Robotic Physicians: Are We Ready for Them?

Would you have a virtual robot treat you on behalf of your usual physician, or, an unknown human doctor? Surprisingly, a study conducted at the John Hopkins University shows that most of the patients would prefer the robot to the human doctor.These robot-physicians not only come equipped with power lenses but also have technology that can store a patients’ record and access it immediately. A doctor, using internet, can assess the situation and see what is going on via video links. His face even appears on the screen and he can interact with the patient.


The aim of this technology is not to essentially replace doctors but to make their services more widely available. In places that are remotely accessible this technology could serve as a very convenient option to provide special care to individuals. It will also make it more comfortable for the doctors who would be able to make diagnosis from their home and report at the hospital later.

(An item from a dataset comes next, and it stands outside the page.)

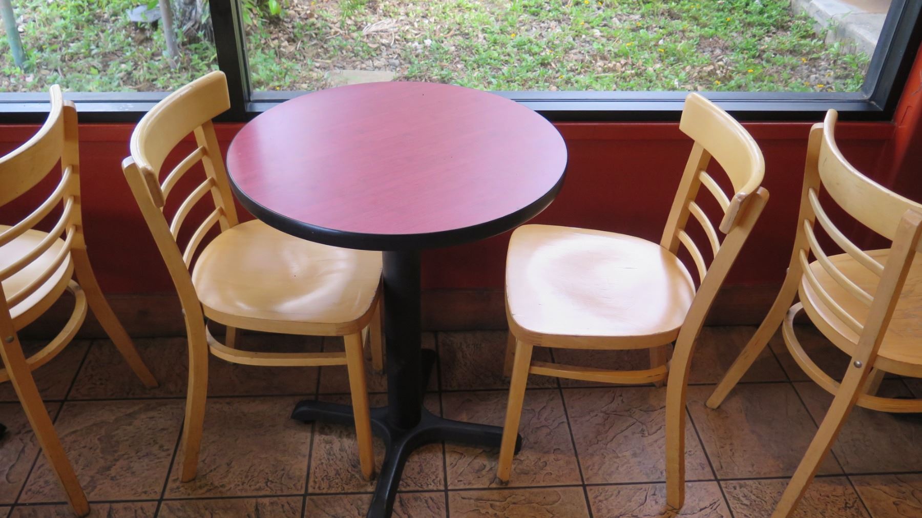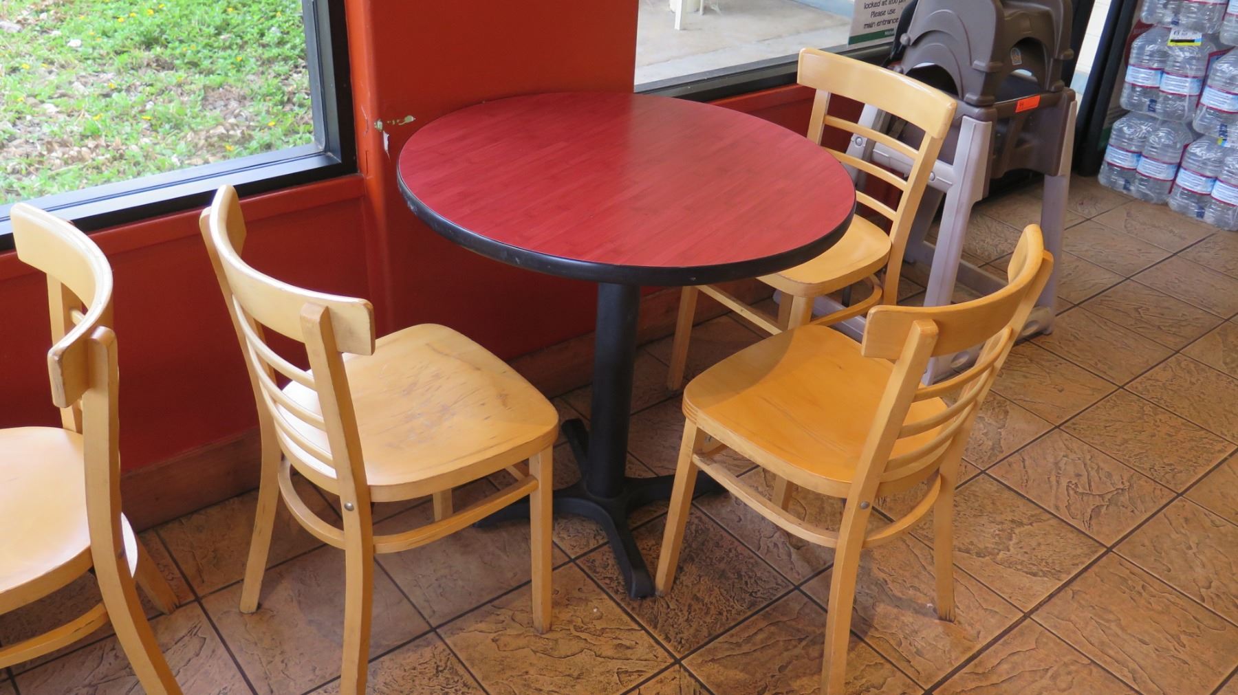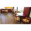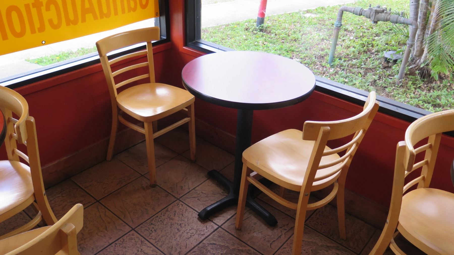 Qty 6 Round 30" Wooden Tables & 16 Wood Chairs. FOOD PRODUCTS AND MERCHANDISE IN THE PICTURES ARE NOT INCLUDED.

Surgery is yet another domain in the medical field where Robots are being touted as the future. Recently, the country’s premier All India Institute of Medical Sciences’ (AIIMS) acquired a four-armed robot, the first of its kind in Asia, to help in surgeries at the department of urology. These robot – surgeons not only take some of the work load off doctors, but also reduce human – error. In addition, they are stable and untiring, can be easily sterilized and are resistant to radiation and infection. They provide the advantage of a three-dimensional view, magnification of the surgery site, and ergonomic environment for performing surgery.

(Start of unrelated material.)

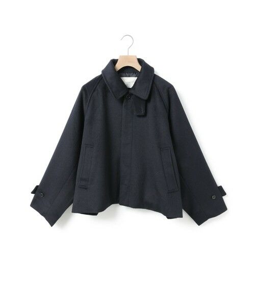 ウールポリエステルのフラノ素材を使用したウールショートジャケットです。フラノ素材ですが軽く仕上げたウールコート。丸みのあるコクーン型の袖と襟元のチンストラップがポイント。ショート丈でどんなボトムスとも相性良く着用していただけます。フロントはボタンを使用。比翼仕立てなので閉めるとすっきりとしたデザインになっています。ウールコートシリーズとして3-779928/ステンカラーミドルコートも展開。

However, such technology needs to be supervised with prudence and care. These robots will certainly be helpful, but, it is important to realize their constraints and exercise caution. They have no judgment and will be unable to use qualitative information. Humans on the other hand are flexible, adaptable and can integrate varied and extensive information. Moreover, these robots cost about a million dollars. In a country like India, where half the population cannot seem to afford basic meals, it is questionable whether they would be willing to pay for such treatments? There is also the issue of upgrading and maintaining the robots, as well as the cost associated with the upgradation.


Robotic surgery has found its place in the fields of neurology, urology and cardiology. In cardio surgery, minimum invasive surgical intervention has been realized with the help of robots. This has provided faster surgeries and fewer post operative complications.


However, I feel that the superb feats performed by these robots can in no way replace a human doctor. The robot cannot realize all procedures – diagnosing, planning and executing the operation without human intervention. It is still dubious to predict whether we will reach a stage where these robots will exist in every operating theatre, mostly because of the huge price tags. But then, about a decade back, had we not thought the same about mobile phones?